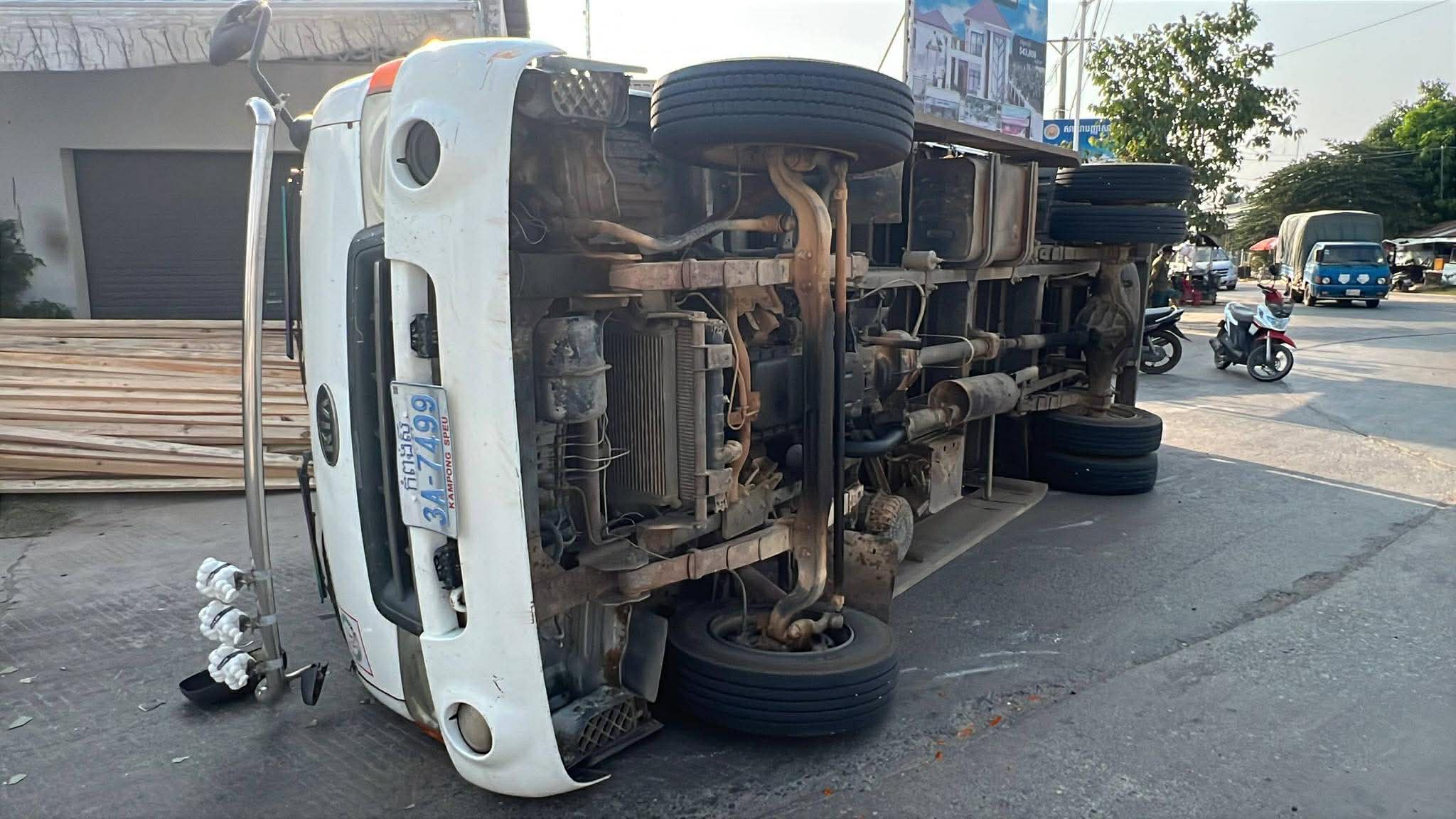 អ្នកភូមិខាងលើ បានប្រាប់ថា រថយន្តដែលក្រឡាប់នោះម៉ាកគា (KIA) ពណ៌ស ពាក់ស្លាកលេខកំពង់ស្ពឺ 3A-7499 ដឹកឈើស្រល់ពេញទ្រុង បើកបរដោយបុរសម្នាក់ ដែលពុំដឹងថា ដឹកឈើស្រល់នោះមកពីទីណា និងយកទៅដាក់នៅកន្លែងណាមួយនោះទេ ។ មិនតែប៉ុណ្ណោះ ក៏ពុំដឹងថា ជាឈើមានច្បាប់ឬឈើអត់ច្បាប់នោះដែរ ដោយឡែកនៅមុនពេលកើតហេតុ រថយន្តនេះបានបើកបរធ្វើដំណើរតាមផ្លូវបេតុងផ្សារទួលលៀប ក្នុងទិសដៅពីកើតទៅលិច ក្នុងល្បឿនលឿនគ្រាន់បើដែរ ។
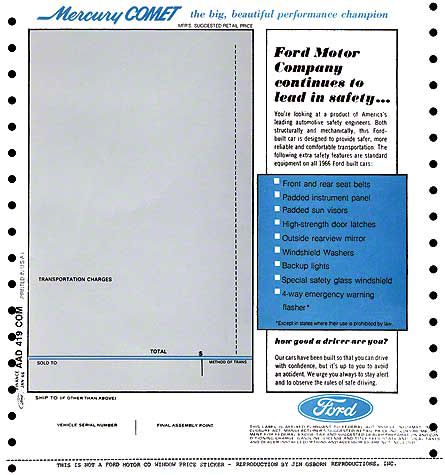 Window Price Sticker - New Car (1966 Comet)
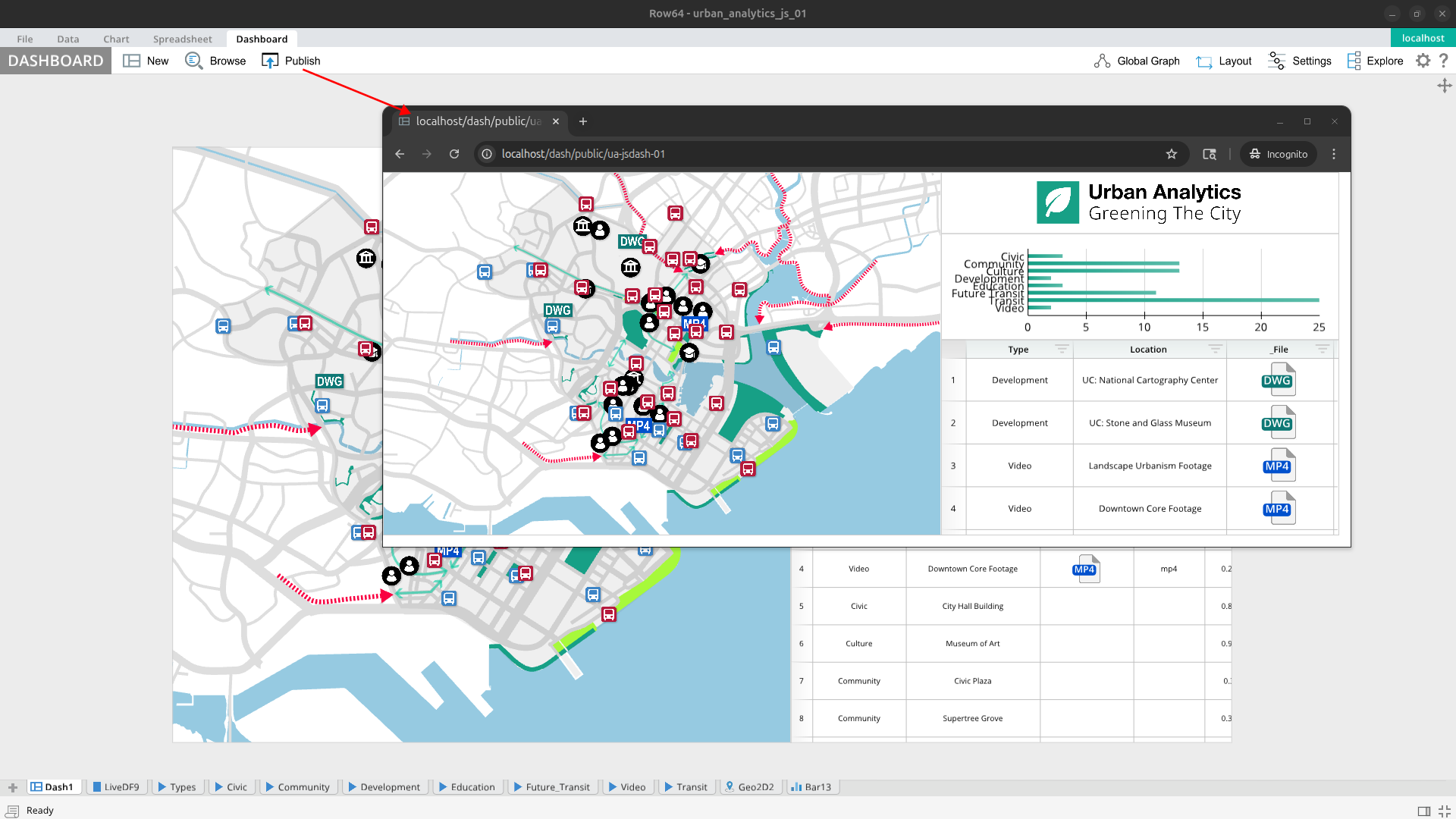 In Row64 Studio, in the Dashboard tab, select Publish to publish the dashboard to the browser to test the new functionality. (You'll need to publish the dashboard every time you want to see changes in the browser).
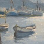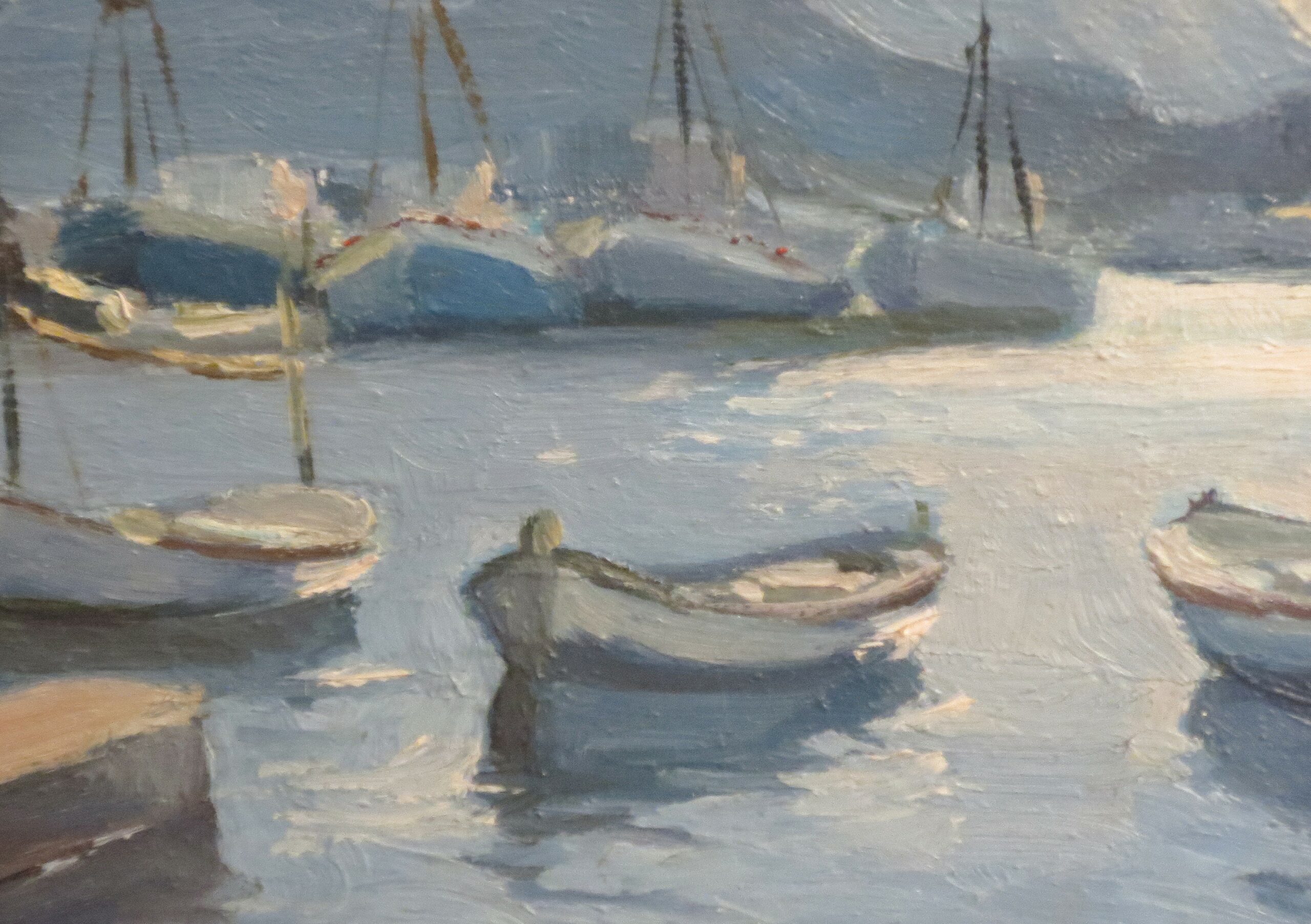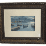 Óleo sobre tabla que representa a una puerto pesquero realizado por Ricardo Sacristán Arrieta (1921-1981).

**INSTRUCTIONS TO FOLLOW**
Return the data word for word without its pictures.

**SOLUTION TO THE PROBLEM**
 អ្នកភូមិខាងលើ បានប្រាប់ថា រថយន្តដែលក្រឡាប់នោះម៉ាកគា (KIA) ពណ៌ស ពាក់ស្លាកលេខកំពង់ស្ពឺ 3A-7499 ដឹកឈើស្រល់ពេញទ្រុង បើកបរដោយបុរសម្នាក់ ដែលពុំដឹងថា ដឹកឈើស្រល់នោះមកពីទីណា និងយកទៅដាក់នៅកន្លែងណាមួយនោះទេ ។ មិនតែប៉ុណ្ណោះ ក៏ពុំដឹងថា ជាឈើមានច្បាប់ឬឈើអត់ច្បាប់នោះដែរ ដោយឡែកនៅមុនពេលកើតហេតុ រថយន្តនេះបានបើកបរធ្វើដំណើរតាមផ្លូវបេតុងផ្សារទួលលៀប ក្នុងទិសដៅពីកើតទៅលិច ក្នុងល្បឿនលឿនគ្រាន់បើដែរ ។
 Window Price Sticker - New Car (1966 Comet)
 In Row64 Studio, in the Dashboard tab, select Publish to publish the dashboard to the browser to test the new functionality. (You'll need to publish the dashboard every time you want to see changes in the browser).
 Óleo sobre tabla que representa a una puerto pesquero realizado por Ricardo Sacristán Arrieta (1921-1981).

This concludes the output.